(Assignment):
Give back every line of the material below that has the string "will".

(Given entries):
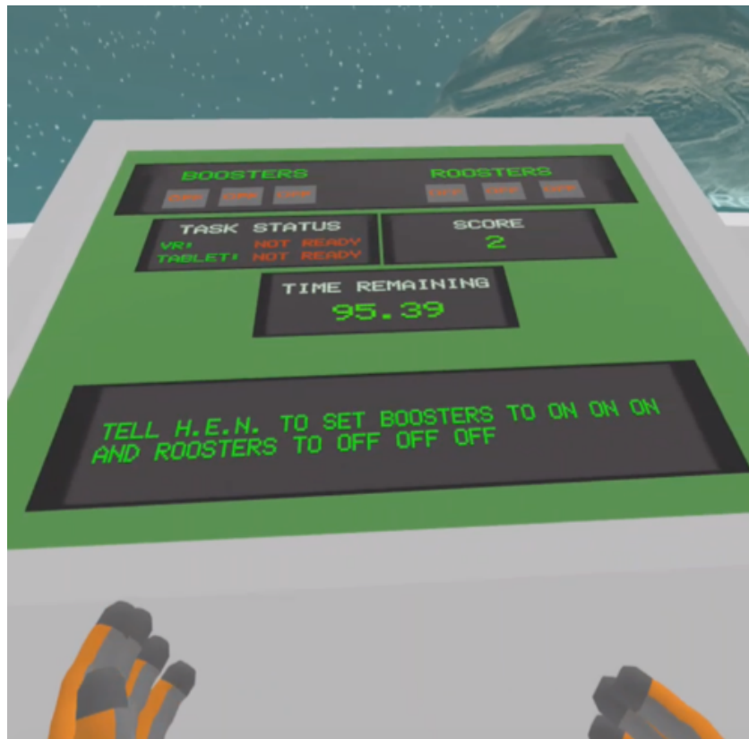
Figure 2 – The VR player's view
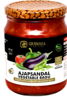
■ Ajapsandal Vegetable Ragù 8x520gr (AG020)
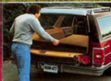
87 cu. ft. capacity. 28 7-inch-high by 48 2-inch-wide opening into an 87-cubic-foot cargo area with the rear seat down. There are four feet between wheelhousings and a 7.6-foot floor length with the rear seats down.
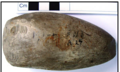
A Neolithic polished axe (between 6 and 4,500 years old) from Hambleden. This example was worked from flint obtained from the gravels of the river Thames. Often these were ceremonial, and hence not used for felling trees.

People have been living in the Chilterns since the Lower Palaeolithic (Old Stone Age) from at least 400,000 years ago. Discarded or lost stone tools are evidence for habitation and occasionally they made the tools on sites in the Chilterns. These camps, with working floors for tool manufacture, are particularly exciting to find. Neolithic people also dug mine shafts to reach layers of quality flint within the Chalk. Depressions in Pitstone Hill near Ivinghoe mark the locations of some of these mines.
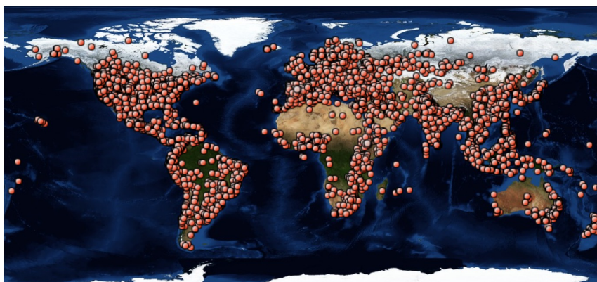
Figure 1. Origin of visitors

Now, if we analyze JOTSE's internationalization with the number of visited of JOTSE's website (410,814 visits between November 4th, 2015 to January 20th, 2022), we can observe in the figure 2 the distribution in the world with Philippines, US, Indonesia and Spain in the first positions.
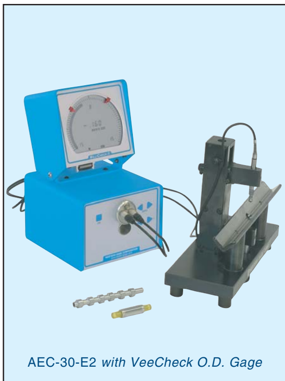
AEC-30-E2 with VeeCheck O.D. Gage

AEC - (XX) - (XX) Model No. - External Power / / Gaging Member Type - (30) - 110/125 VAC See below (31) - 220/250 VAC
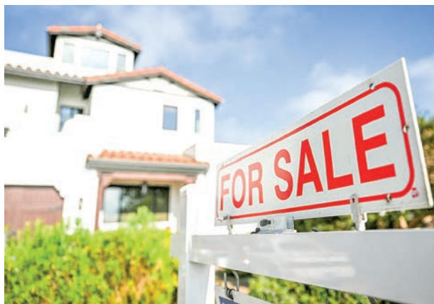
A for sale sign is displayed outside of a home for sale on 16 August 2024 in Los Angeles, California. United States real estate industry rules governing agent commissions will change on 17 August as part of a legal settlement between the National Association of Realtors and home sellers.

"The market for new homes has held up better than that for existing ones thanks in part to widespread use by builders of incentives, including mortgage rate 'buydowns' in which they make up-front payments on customers' behalf to lower mortgage costs," noted Bloomberg. — Xinhua
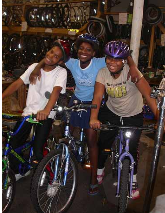
Some Madison girls pick up their Earn-a-Bikes.
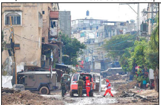
Israeli forces search a Red Crescent ambulance during a raid in Tulkarm, occupied West Bank.

ships in the Red Sea and retaliatory U.S. strikes have ratcheted-up tensions in the Middle East as the Gaza war rages on. The attacks by the Iran-allied Houthis, which they say are in support of Palestinians, target a route that accounts for about 15% of the world's shipping traffic and acts as a vital conduit between Europe and Asia. Hundreds of large vessels have rerouted along the southern tip of Africa, adding 10-14 days of travel, to avoid drone and missile attacks by the Houthis. "Ships are diverting away from the Red Sea and re-routing around the coast of South and West Africa.
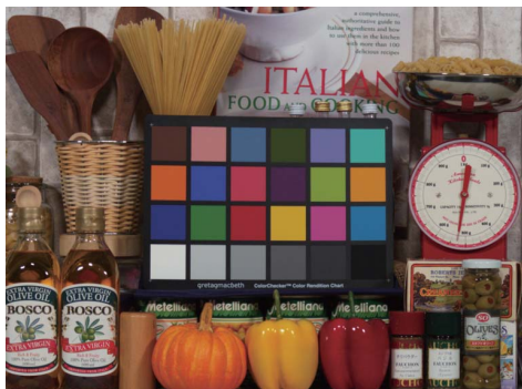
3.2M-pixel all-pixel scan mode (2048 × 1536), analog gain: 6 dB
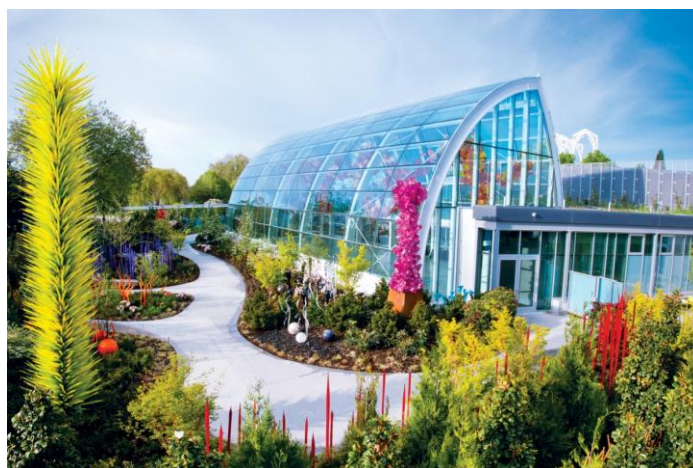
Chihuly Garden and Glass

Chihuly Garden and Glass is located in the Seattle Center next to the Space Needle. They are sister private entities, managed as a single business. Chihuly Garden and Glass features the glass studio art of Dale Chihuly and the beauty of glass architecture and gardens. It is interesting to experience the beauty of glass in the Chihuly Garden along with the design and re-engineering of the Space Needle using glass. During this visit, you will have an opportunity to learn more about operation strategies during the pandemic and the recent renovation of Chihuly Garden and Glass and the Space Needle.

(Result for this task):
A for sale sign is displayed outside of a home for sale on 16 August 2024 in Los Angeles, California. United States real estate industry rules governing agent commissions will change on 17 August as part of a legal settlement between the National Association of Realtors and home sellers.
Chihuly Garden and Glass is located in the Seattle Center next to the Space Needle. They are sister private entities, managed as a single business. Chihuly Garden and Glass features the glass studio art of Dale Chihuly and the beauty of glass architecture and gardens. It is interesting to experience the beauty of glass in the Chihuly Garden along with the design and re-engineering of the Space Needle using glass. During this visit, you will have an opportunity to learn more about operation strategies during the pandemic and the recent renovation of Chihuly Garden and Glass and the Space Needle.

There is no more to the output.